- **Data below**
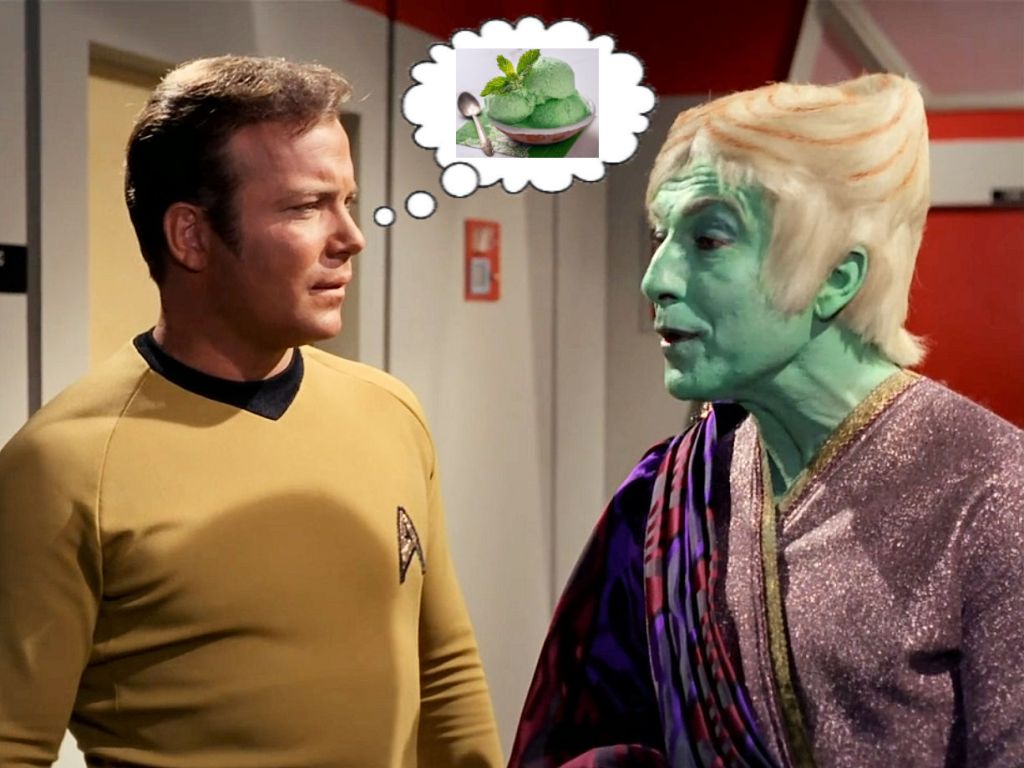 Petri is the only Troyian we meet, so we can only speculate to what extent he represents his people. His skin is a similar shade of green as the Wicked Witch from The Wizard of Oz (1939). Despite the hostilities between Petri’s planet and Elas, he goes out of his way to be courteous to Elaan and makes a sincere effort to persuade her to cooperate. He soon withers in the face of Elaan’s hostility, telling Kirk, “We cannot make peace with people we detest.” (Kirk’s advice only works if both parties agree: “Stop trying to kill each other. Then worry about being friendly.”) Petri finally throws in the towel after the Dohlman stabs him with the dagger she always wears on her arm, forcing Kirk to step into the role of trainer because apparently there is no one else qualified on a ship that regularly undertakes diplomatic missions and carries over four hundred crew members.
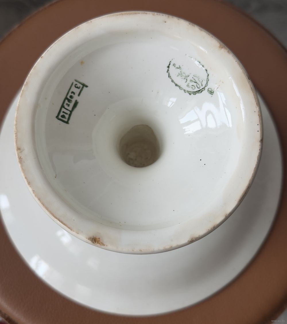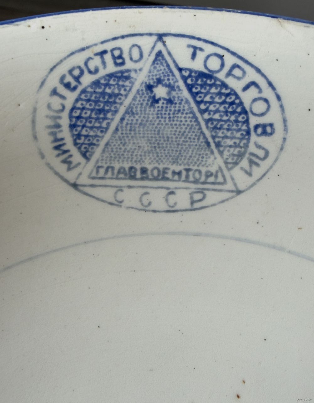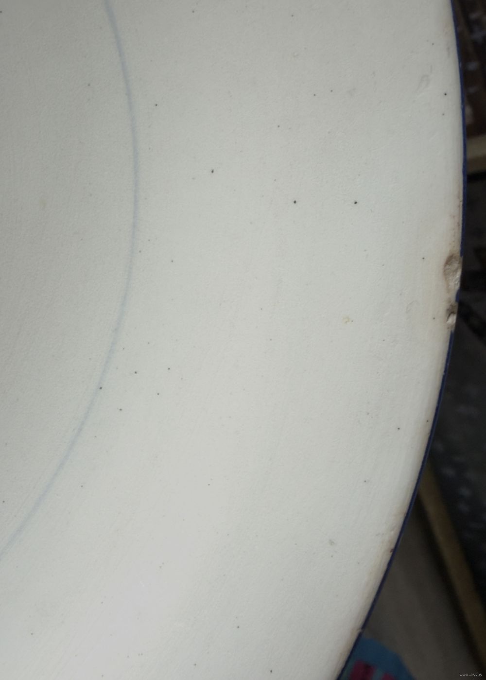 Высота 14/ диам 24 см есть пару незначительных сколов с внутренней стороны и маленький с лицевой.
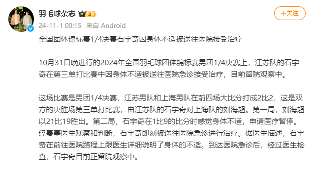 10月31日晚进行的2024年全国羽毛球团体锦标赛男团1/4决赛上,江苏队的石宇奇退赛一幕让球迷心疼不已。视频中可以看到,石宇奇呼吸有点急促,胸口起伏较大,随后被担架抬下。据中国羽毛球协会官方杂志@
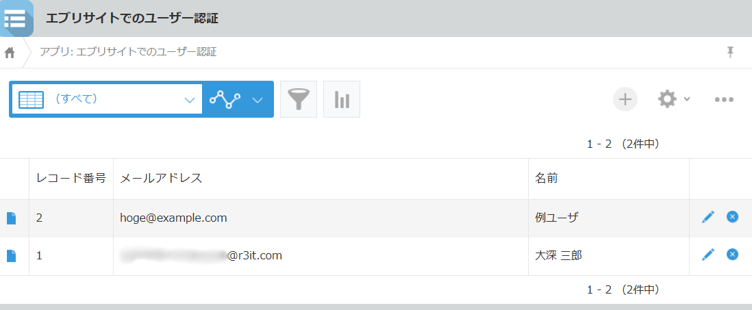 アプリには有効でなおかつ、自身が利用しているメールアドレスを設定したレコードを1行以上登録しておいてください。

- **What you have to do**
Give every line of the listing above again, exactly, with no images.

- **Solution for this exercise**
 Petri is the only Troyian we meet, so we can only speculate to what extent he represents his people. His skin is a similar shade of green as the Wicked Witch from The Wizard of Oz (1939). Despite the hostilities between Petri’s planet and Elas, he goes out of his way to be courteous to Elaan and makes a sincere effort to persuade her to cooperate. He soon withers in the face of Elaan’s hostility, telling Kirk, “We cannot make peace with people we detest.” (Kirk’s advice only works if both parties agree: “Stop trying to kill each other. Then worry about being friendly.”) Petri finally throws in the towel after the Dohlman stabs him with the dagger she always wears on her arm, forcing Kirk to step into the role of trainer because apparently there is no one else qualified on a ship that regularly undertakes diplomatic missions and carries over four hundred crew members.
 Высота 14/ диам 24 см есть пару незначительных сколов с внутренней стороны и маленький с лицевой.
 10月31日晚进行的2024年全国羽毛球团体锦标赛男团1/4决赛上,江苏队的石宇奇退赛一幕让球迷心疼不已。视频中可以看到,石宇奇呼吸有点急促,胸口起伏较大,随后被担架抬下。据中国羽毛球协会官方杂志@
 アプリには有効でなおかつ、自身が利用しているメールアドレスを設定したレコードを1行以上登録しておいてください。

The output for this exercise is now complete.